This MIX is healing in itself.
If you know anything about LA based artist, Millie Brown, you’d be familiar with her collaboration with Lady Gaga for her Monsterball Tour. Here her performance was set against Gaga’s dub industrial track “Swine”. In a steep yet smooth contrast to that, Brown’s MIX ‘vomits’ less ‘art for art’s sake’ and more hazy, melancholic 70s sensations. Effortlessly transporting us between each cosmos from one song to the next; much like her work seamlessly explores the synergy and separation of mind, body, and spirit. “Hailu Mergia” makes us consider the strange and tumultuous times of 1978 when people would stay in the club from evening till daybreak to avoid the curfew of the Derg regime. With manic synthesizer lines and the sounds of a church revival, “Sun Ra” follows with an injection of whimsical joy easing us into the smooth soul and endless boogie feels of James Brown.

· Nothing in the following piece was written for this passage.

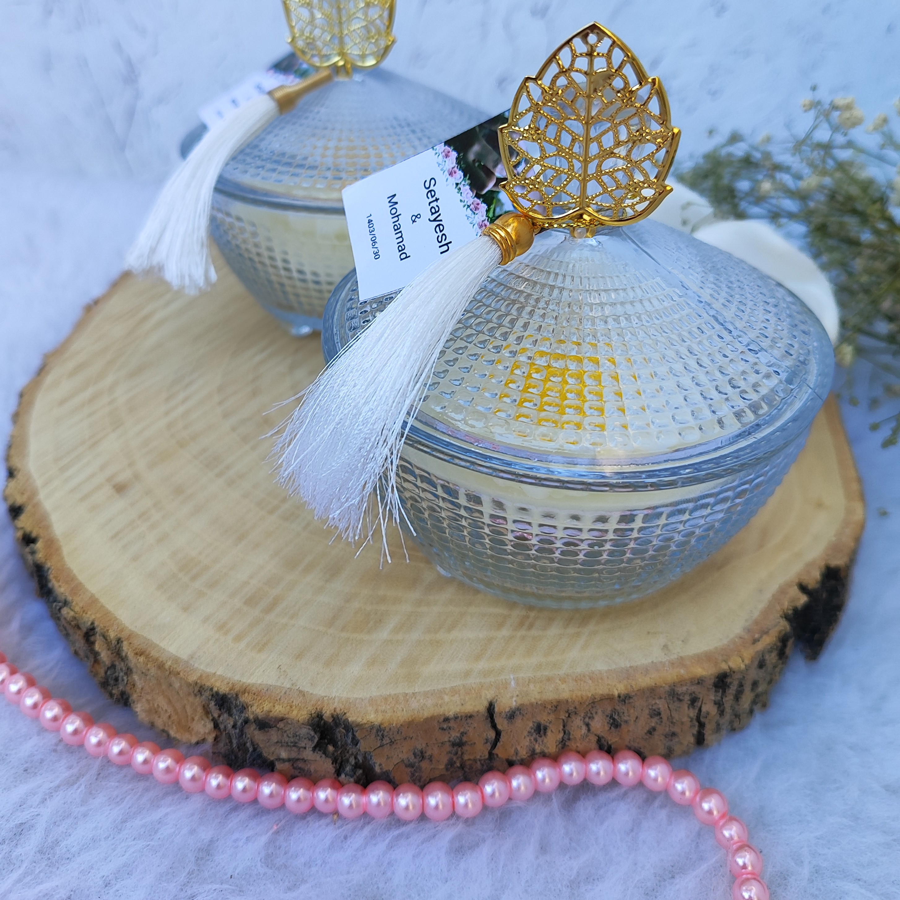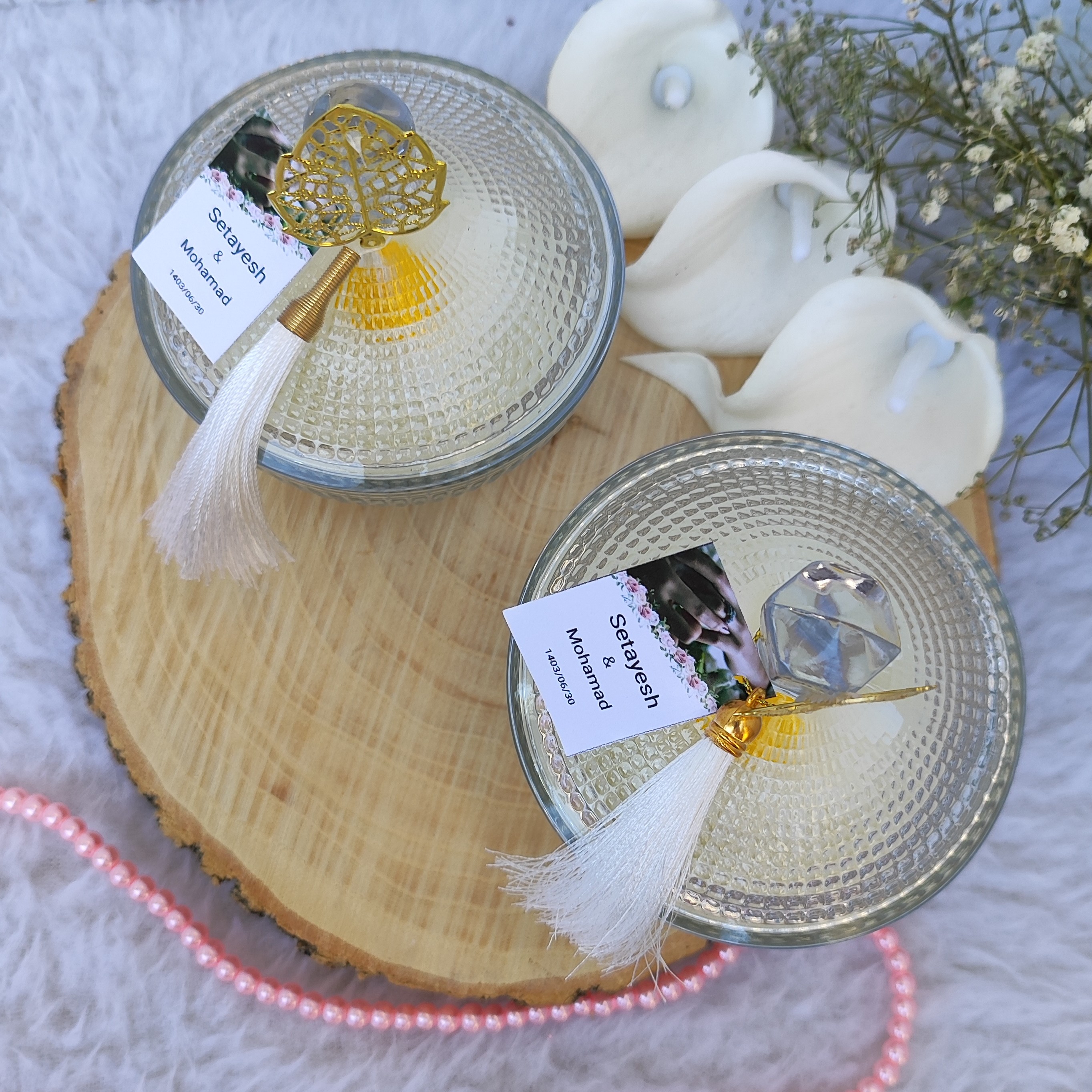 یه گیفت شیک و خاص جنس شات شیشه ای هست گل داخل شات بابونه هست همراه با لیبل اختصاصی عروس داماد

Here Millie gets us moving, something she is more than familiar with as she uses her body as a tool to create the fragmented debris of her process. Exploring the body as a means for spiritual practice, Brown pushes her physical and mental bounds in order to reach a state of enlightenment from which her creative expression and a sense of healing prevails. Afterall, who doesn’t feel a shift in their mood after a serious dose of 60s psychedelia and gypsy pop given to us almost undeservedly from Gabor Szabo with their track, “Stormy 1969”? Riding this high, Brown slips away and leaves us gently with the last song of the MIX. “Deep Blue Day” is a beautifully unexpected chance for some sentimental introspection. A dreamy instrumental reflection of the rawness of human emotion. Much like the record pictured; picked up from her favourite book and record store in Beachwood, it’s a little old but much loved.
Much like Millie herself, the next hour of listening will be diverse as she delivers what she does best. An analysis of the harmony and dissolution of our collective human consciousness.